▶ **WHAT THE EXERCISE ASKS**:
Would you copy exactly the lines in the data below from the one that has "Vinh chia sẻ." through the one that has "Studio : Waterbrick", dropping any pictures?
[[ RECORD SET, beginning ]]
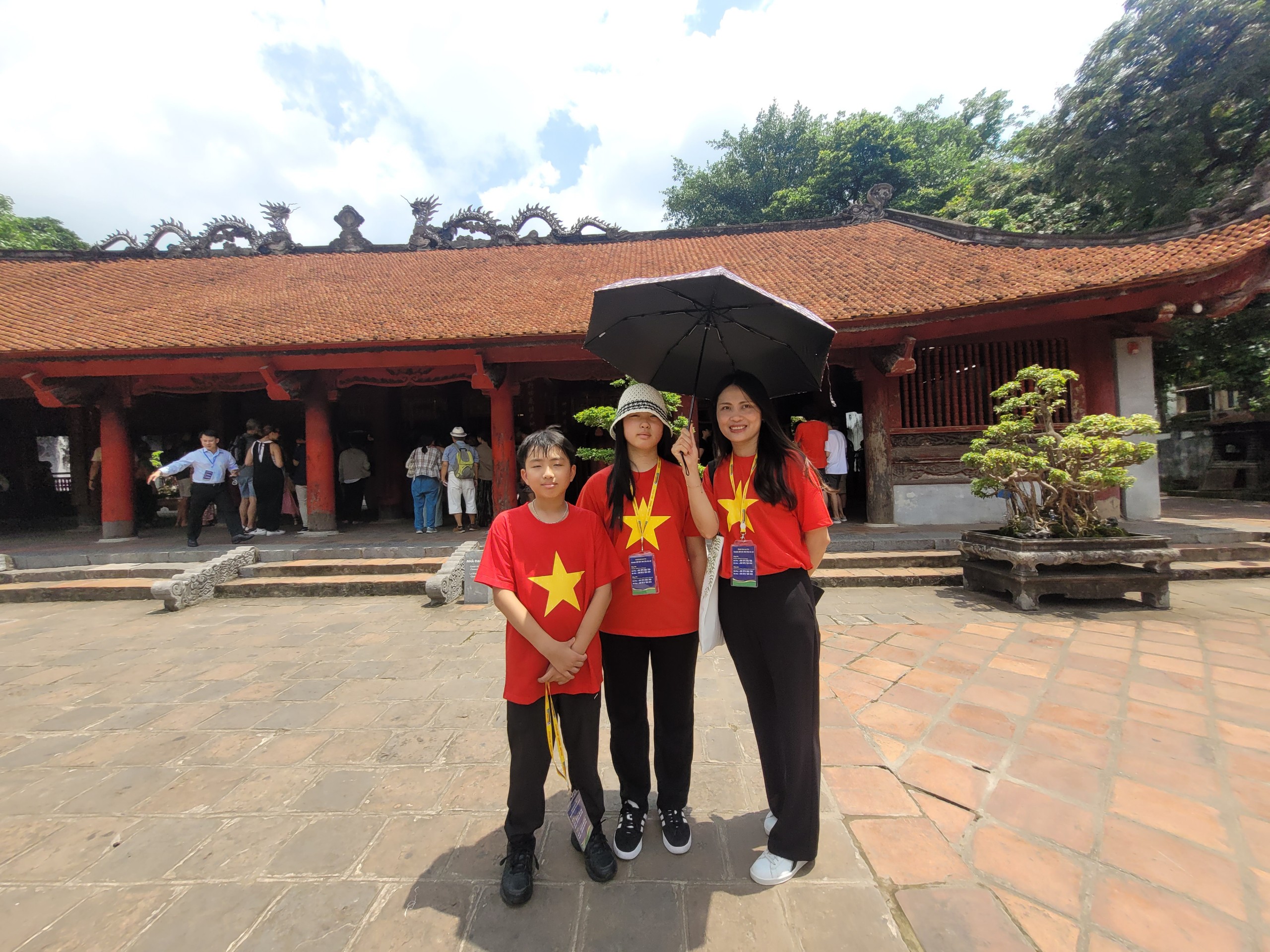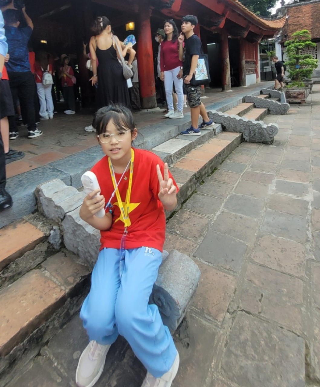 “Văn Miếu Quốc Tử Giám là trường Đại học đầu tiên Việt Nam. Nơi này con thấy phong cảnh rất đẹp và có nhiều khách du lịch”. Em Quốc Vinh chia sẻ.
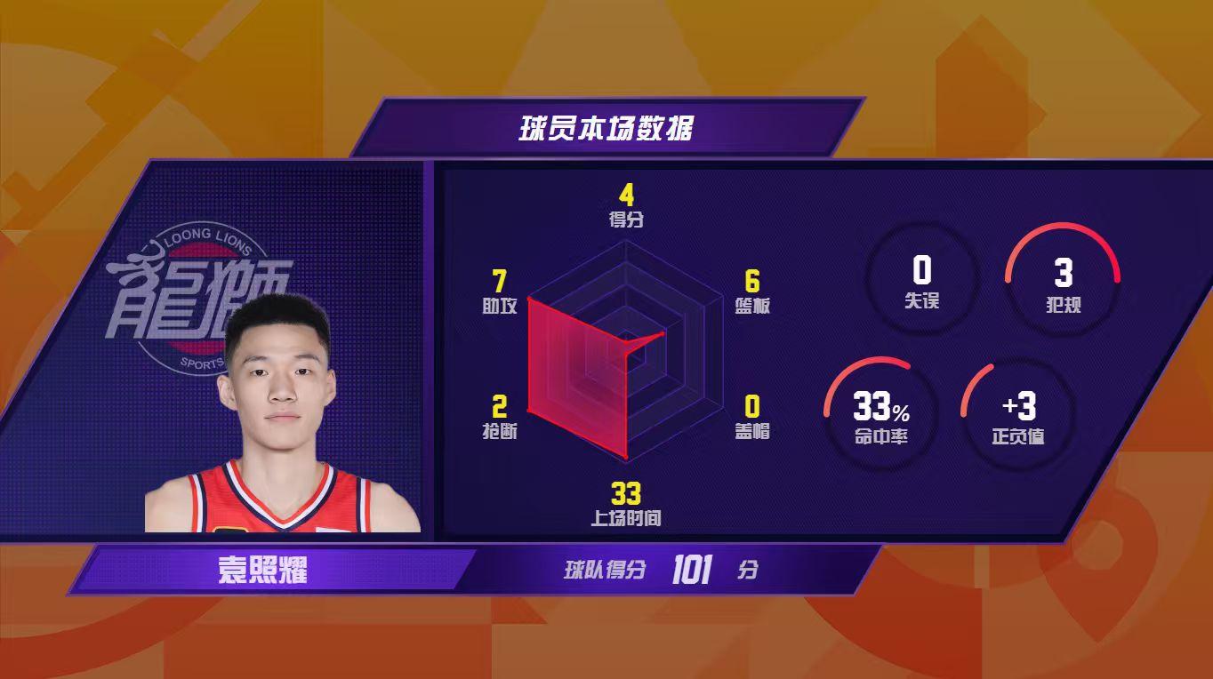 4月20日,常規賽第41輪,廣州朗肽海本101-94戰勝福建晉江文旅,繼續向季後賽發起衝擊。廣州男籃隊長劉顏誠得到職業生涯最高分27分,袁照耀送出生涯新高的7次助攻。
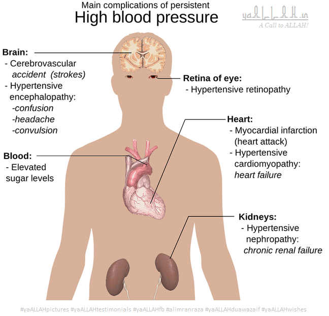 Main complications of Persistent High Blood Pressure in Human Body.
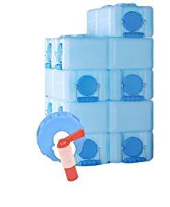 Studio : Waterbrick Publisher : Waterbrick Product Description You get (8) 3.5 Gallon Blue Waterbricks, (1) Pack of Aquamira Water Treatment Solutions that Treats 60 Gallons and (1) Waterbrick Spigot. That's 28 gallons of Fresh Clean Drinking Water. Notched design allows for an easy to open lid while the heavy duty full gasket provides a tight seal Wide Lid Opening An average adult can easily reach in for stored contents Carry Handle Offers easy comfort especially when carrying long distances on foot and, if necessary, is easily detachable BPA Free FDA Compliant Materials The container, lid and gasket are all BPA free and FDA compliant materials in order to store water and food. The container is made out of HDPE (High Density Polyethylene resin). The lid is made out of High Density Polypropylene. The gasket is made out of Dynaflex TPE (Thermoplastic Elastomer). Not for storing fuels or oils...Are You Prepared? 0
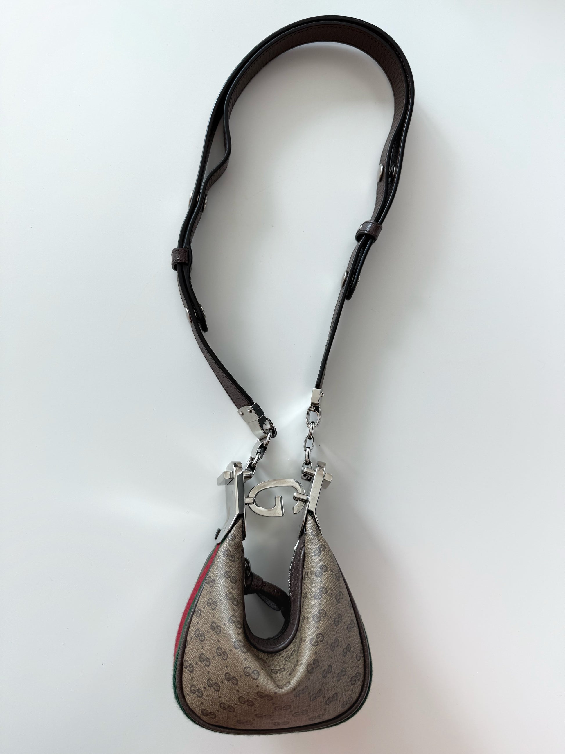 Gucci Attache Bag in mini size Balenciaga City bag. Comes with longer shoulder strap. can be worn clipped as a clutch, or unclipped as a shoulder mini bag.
[[ RECORD SET, end ]]
[[ RECORD SET, beginning ]]
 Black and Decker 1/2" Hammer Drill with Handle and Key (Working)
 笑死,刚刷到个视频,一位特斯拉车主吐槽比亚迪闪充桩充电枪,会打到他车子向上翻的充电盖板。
[[ RECORD SET, end ]]
[[ RECORD SET, beginning ]]
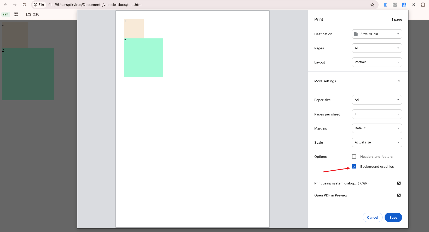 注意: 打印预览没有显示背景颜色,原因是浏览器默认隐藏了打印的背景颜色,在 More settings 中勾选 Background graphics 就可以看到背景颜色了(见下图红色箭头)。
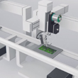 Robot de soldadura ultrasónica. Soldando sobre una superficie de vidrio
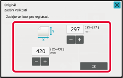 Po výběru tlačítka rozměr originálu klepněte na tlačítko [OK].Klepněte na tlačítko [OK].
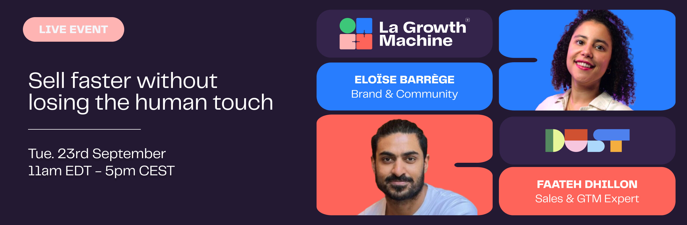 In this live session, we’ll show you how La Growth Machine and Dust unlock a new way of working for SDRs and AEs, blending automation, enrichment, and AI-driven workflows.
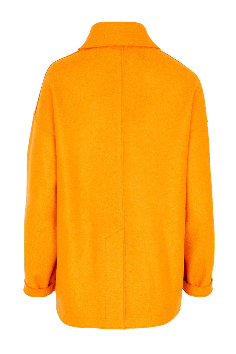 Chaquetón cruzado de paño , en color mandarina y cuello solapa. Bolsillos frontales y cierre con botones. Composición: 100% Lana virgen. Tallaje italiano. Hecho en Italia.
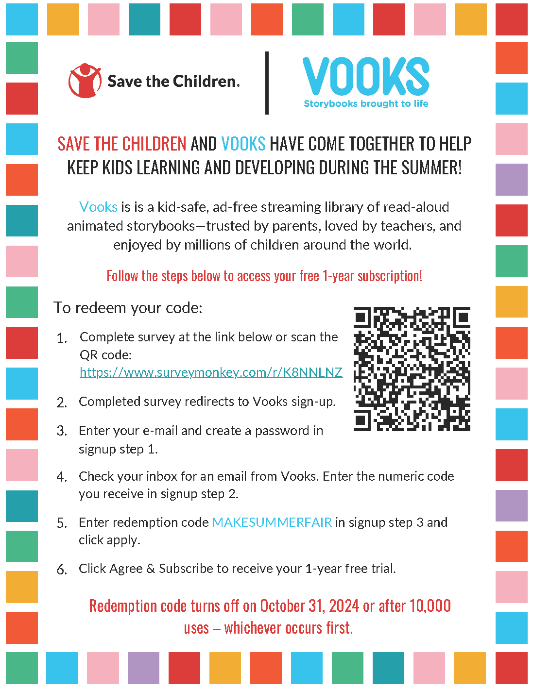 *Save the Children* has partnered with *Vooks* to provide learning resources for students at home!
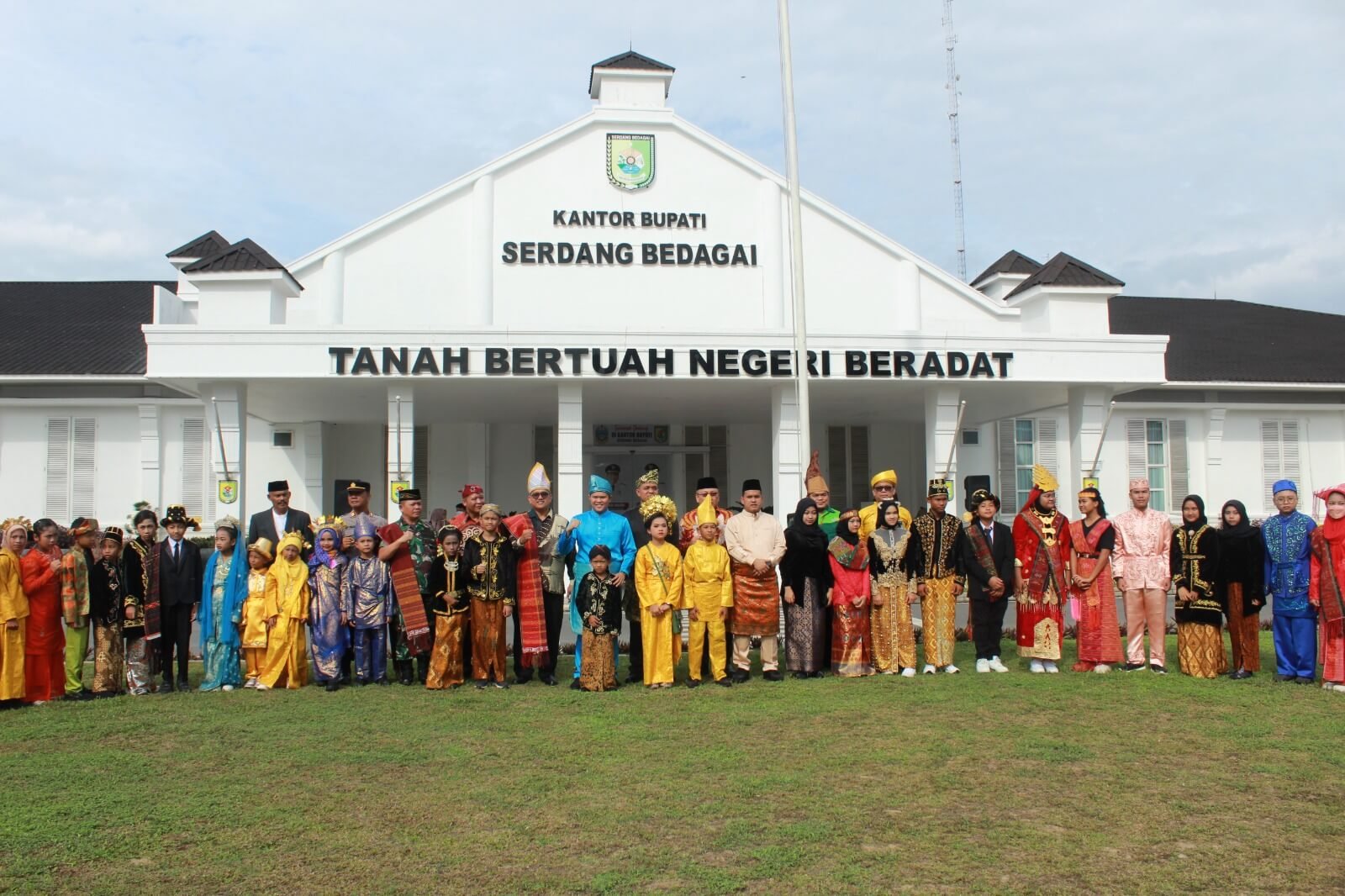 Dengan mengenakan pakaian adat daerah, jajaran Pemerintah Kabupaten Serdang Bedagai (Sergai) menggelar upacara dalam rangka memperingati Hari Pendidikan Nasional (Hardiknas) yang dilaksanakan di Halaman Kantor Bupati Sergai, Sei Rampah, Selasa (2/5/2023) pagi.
[[ RECORD SET, end ]]
▶ **WRITTEN SOLUTION**:
 “Văn Miếu Quốc Tử Giám là trường Đại học đầu tiên Việt Nam. Nơi này con thấy phong cảnh rất đẹp và có nhiều khách du lịch”. Em Quốc Vinh chia sẻ.
 4月20日,常規賽第41輪,廣州朗肽海本101-94戰勝福建晉江文旅,繼續向季後賽發起衝擊。廣州男籃隊長劉顏誠得到職業生涯最高分27分,袁照耀送出生涯新高的7次助攻。
 Main complications of Persistent High Blood Pressure in Human Body.
 Studio : Waterbrick Publisher : Waterbrick Product Description You get (8) 3.5 Gallon Blue Waterbricks, (1) Pack of Aquamira Water Treatment Solutions that Treats 60 Gallons and (1) Waterbrick Spigot. That's 28 gallons of Fresh Clean Drinking Water. Notched design allows for an easy to open lid while the heavy duty full gasket provides a tight seal Wide Lid Opening An average adult can easily reach in for stored contents Carry Handle Offers easy comfort especially when carrying long distances on foot and, if necessary, is easily detachable BPA Free FDA Compliant Materials The container, lid and gasket are all BPA free and FDA compliant materials in order to store water and food. The container is made out of HDPE (High Density Polyethylene resin). The lid is made out of High Density Polypropylene. The gasket is made out of Dynaflex TPE (Thermoplastic Elastomer). Not for storing fuels or oils...Are You Prepared? 0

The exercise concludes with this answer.